Masayasu Ishikawa wrote:
 
> "Russell O'Connor" <roconnor@Math.Berkeley.EDU> wrote:
> 
>> The id attrubute has type ID, and as far as I can tell is case
>> insensitive.
>> 
>> This means that fragement identifiers should be matched
> case insenstively.
> 
> See section 12.2.1 "Syntax of anchor names", at:
> 
>    http://www.w3.org/TR/html401/struct/links.html#h-12.2.1

That section states, "Comparisons between fragment identifiers 
and anchor names must be done by exact (case-sensitive) match."
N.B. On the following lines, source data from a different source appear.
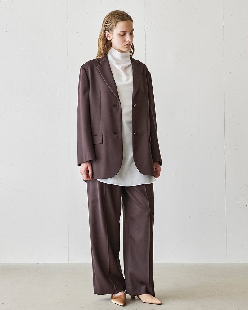 端正なイメージを保ちつつ、今年らしいこなれ感やモードな遊び心をプラスできるオーバーサイズのテーラードジャケット。大人が取り入れやすいよう、上質素材をチョイスしました。オーストラリア産のヴァージンウールSUPER100とヴィスコースをブレンドし、梳毛糸に仕立てた生地は、メンズライクでクラシカルな風合いが魅力。ボクシーでありながら、どこか女性らしいシルエットは、デニムなどのカジュアルなボトムスはもちろん、甘めのワンピースドレスにもフィット。同素材のワイドパンツ(14679)とのセットアップもおすすめ。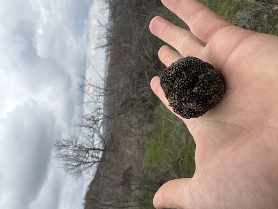 A forensic description of the scene in Balvan, Bulgaria, depicts a human left hand, palm up, holding a single, irregularly shaped black truffle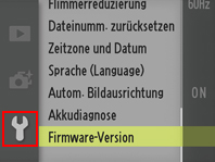 Beachten Sie, dass abhängig vom Kameramodell die während der Aktualisierung angezeigten Dialoge und Meldungen von den hier abgebildeten abweichen können. Achten Sie darauf, dass vor der Aktualisierung der Firmware eines Zubehörteils, wie etwa eines Objektivs, Bajonettadapters oder eines Blitzgeräts, das Zubehörteil an der Kamera angebracht ist, bevor Sie fortfahren. |

What is left unwritten is that
    * HTML4 requires folding non-entity *
    * names to upper case during parsing. *
This requirement covers, among other things, ID attribute values. 
 Inspect the HTML4 SGML declaration [1]:
         NAMING   LCNMSTRT ""
                  UCNMSTRT ""
                  LCNMCHAR ".-_:"    
                  UCNMCHAR ".-_:"
                  NAMECASE GENERAL YES
                           ENTITY  NO

So, the HTML4 tag keyed as
    <div id="a-to-z">
represents the start of a 'DIV' element with an 'ID' attribute 
whose value is 'A-TO-Z'.  SGML offers many conveniences for 
the direct keying of a document.  But, just as the lack of an 
end-tag on a 'P' element does not mean that the 'P' element has 
no end, the case of non-entity name characters as keyed does 
not influence the resulting name.

At least, this is the case if we take seriously the claims [2, 3, 4] 
that HTML4 is an application [5] of SGML.  It was foolish 
to proclaim HTML4 an application of SGML.  The 
proclamation requires conformant implementations of HTML4 
to obey the details of ISO 8879, which is a complex specification.  
It would have been perfectly reasonable to include in the 
HTML4 specification a non-normative reference to ISO 8879 and 
to create rules that would ensure that every valid 
HTML4 document be a valid SGML document.

[1]  HTML4 section 20.1, "SGML Declaration".
  <http://www.w3.org/TR/html4/sgml/sgmldecl.html>.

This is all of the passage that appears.